What are Temporary Tablespaces:

Temporary tablespaces are used to manage space for database sort operations and for storing global temporary tables. For example, if you join two large tables, and Oracle cannot do the sort in memory (see SORT_AREA_SIZE initialisation parameter), space will be allocated in a temporary tablespace for doing the sort operation. Other SQL operations that might require disk sorting are: CREATE INDEX, ANALYZE, Select DISTINCT, ORDER BY, GROUP BY, UNION, INTERSECT, MINUS, Sort-Merge joins, etc.

The DBA should assign a temporary tablespace to each user in the database to prevent them from allocating sort space in the SYSTEM tablespace. This can be done with one of the following commands:

SQL> CREATE USER scott DEFAULT TABLESPACE data TEMPORARY TABLESPACE temp;
SQL> ALTER USER scott TEMPORARY TABLESPACE temp;

Note that a temporary tablespace cannot contain permanent objects and therefore doesn't need to be backed up.

What are TEMPFILES?

Unlike normal data files, TEMPFILEs are not fully initialised (sparse). When you create a TEMPFILE, Oracle only writes to the header and last block of the file. This is why it is much quicker to create a TEMPFILE than to create a normal database file.

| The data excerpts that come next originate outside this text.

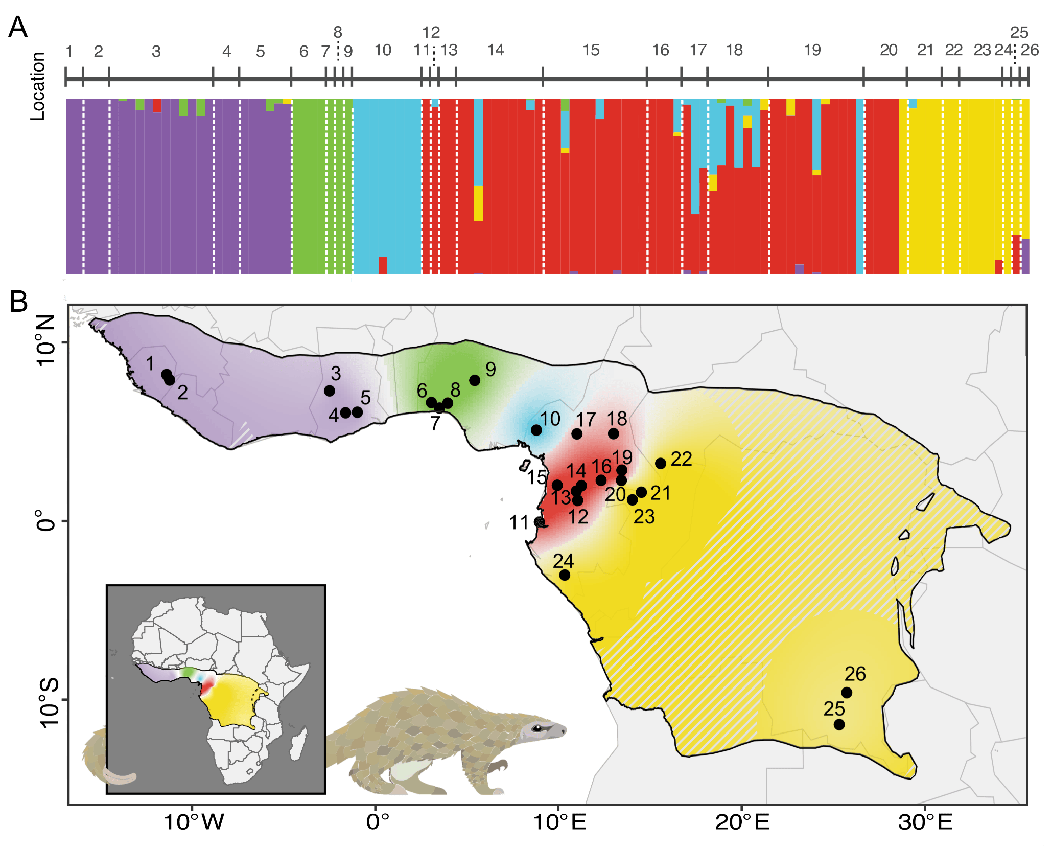 The project was born out of efforts to track and map pangolin poaching by the Congo Basin Institute, a joint initiative of UCLA and the International Institute of Tropical Agriculture. But the idea to map the origins of seized pangolin scales was inspired partly by similar estimation for trafficked elephant ivory and would depend upon a set of techniques first developed for tracking breeding populations of migratory birds. The genomic approach was developed by the UCLA’s Center for Tropical Research Bird Genoscape Project.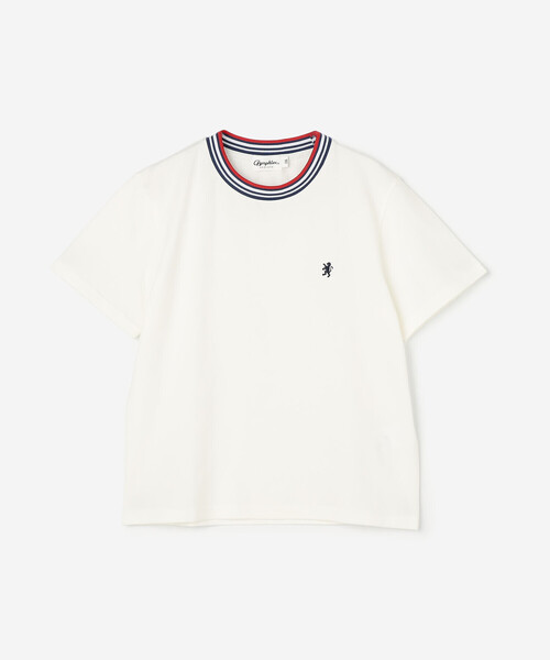 <デザイン>- スポーティーなクルーネック半袖Tシャツ- 首元にマルチカラーラインリブ- 胸にグリフィン刺繍- レギュラーフィット- ユニセックス<素材>- 伸縮性に優れたベア天竺- 毛羽も少なくサラッとしたテクスチャー※着用、お取り扱いの際は商品についておりますアテンションタグ、洗濯ネームを必ずご確認ください。※モデル撮影画像は、光の当たり具合やパソコンなどの閲覧環境によって、実際の色味と異なって見える場合がございます。商品の色味は商品単体で撮影した詳細画像をご参照ください。メーカー品番:#GY-C0459 CCBGymphlex | ジムフレックス1936年軍用ショーツを提供し始め、スポーツウェア・ブランドとして確固たる地位を築く。現在はスポーツというシーンにとらわれず、ユニセックスのカジュアルウェアを展開している。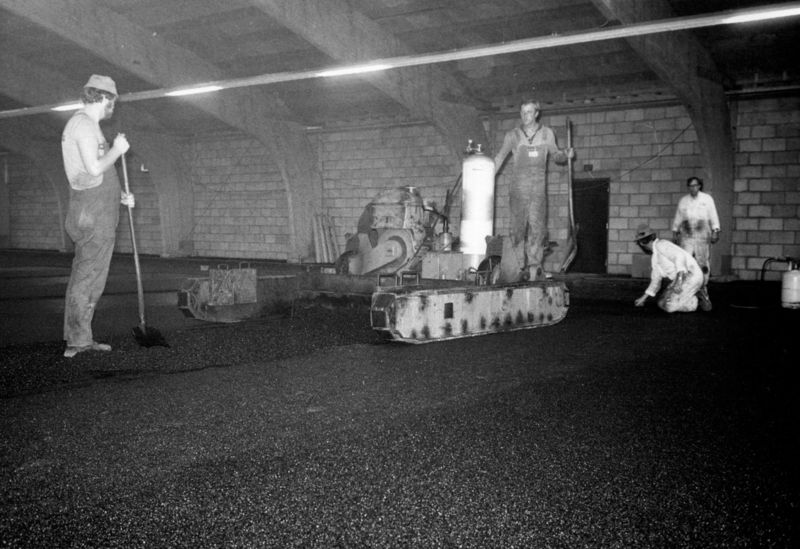 Bouw en opening van het sportcentrum " De Poelder". De Recaflex vloeren worden gelegd door C. Voigt Söhne uit Castrop Rauxel (D). Deze vloer was de eerste vloer van dit type in Nederland.. |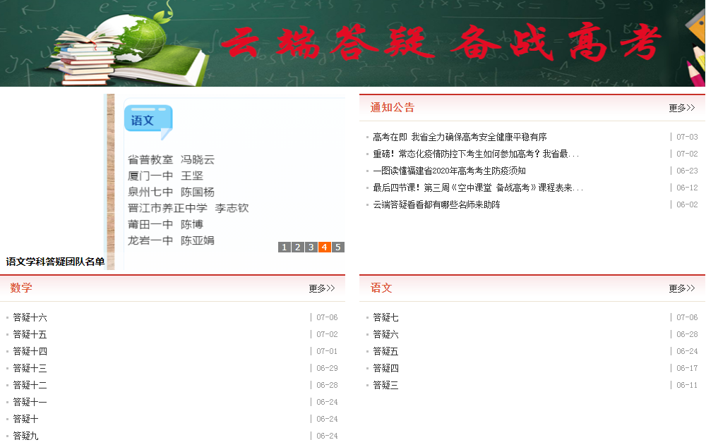 为了帮助全省高三考生及全体社会考生答疑解惑,5月28日,省教育厅网站专门开设《云端答疑备战高考》专栏,通过电子邮箱收集全省考生有关高考9门学科的问题以及备考心理困惑。6月1日,《云端答疑备战高考》专栏正式上线,邀请省级示范性建设高中高三一线名师、心理专家及省普教室教研员组建了答疑团队,解答学生的学习问题及心理困惑,并选取来邮中具有共性和代表性的问题在专栏上推送,为高三考生、社会考生及教师提供复习备考借鉴。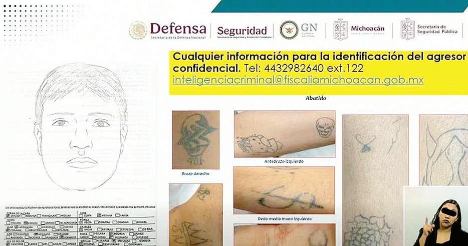 homicidio, el 16 de octubre, y en otro ataque, del 23 de octubre, donde murió otra persona. Precisó que, hasta esta mañana no se había identificado al agresor y tampoco había sido reclamado su cuerpo. Se presentó una serie de fotografías con los tatuajes que tiene. Durante la conferencia de prensa se presentaron una serie de videos en los que se ve al agresor moverse entre la multitud y acercarse al alcalde, hasta que queda a una corta distancia y le dispara. Posteriormente se ve a la gente corriendo y el hombre es abatido metros adelante. Señaló que en este homicidio participaron al menos dos personas, el autor material, que fue abatido en el lugar. Precisó que el ejecutor de los hechos se hospedó el día de los hechos en un hotel del centro de Uruapan. Sun
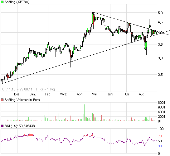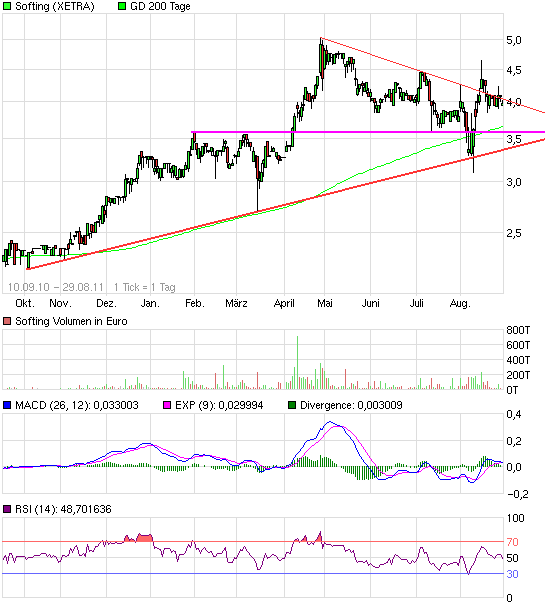das Augusttief. Hätte den Vortiel für einen weiteren Crash am Gesamtmarkt (vielleicht Ende September/Anfang Oktober) noch Luft bis zu der Unterstützung bei 3,6 € zu haben, die dann zur Kruezunterstützung wird. Da man ab Ende Oktober mit weiter positiven News von Softing rechnen muss, käme das dann timing technisch ziemlich perfekt.

TEMPFILEs are not recorded in the database's control file. This implies that one can just recreate them whenever you restore the database, or after deleting them by accident. This opens interesting possibilities like having different TEMPFILE configurations between permanent and standby databases, or configure TEMPFILEs to be local instead of shared in a RAC environment.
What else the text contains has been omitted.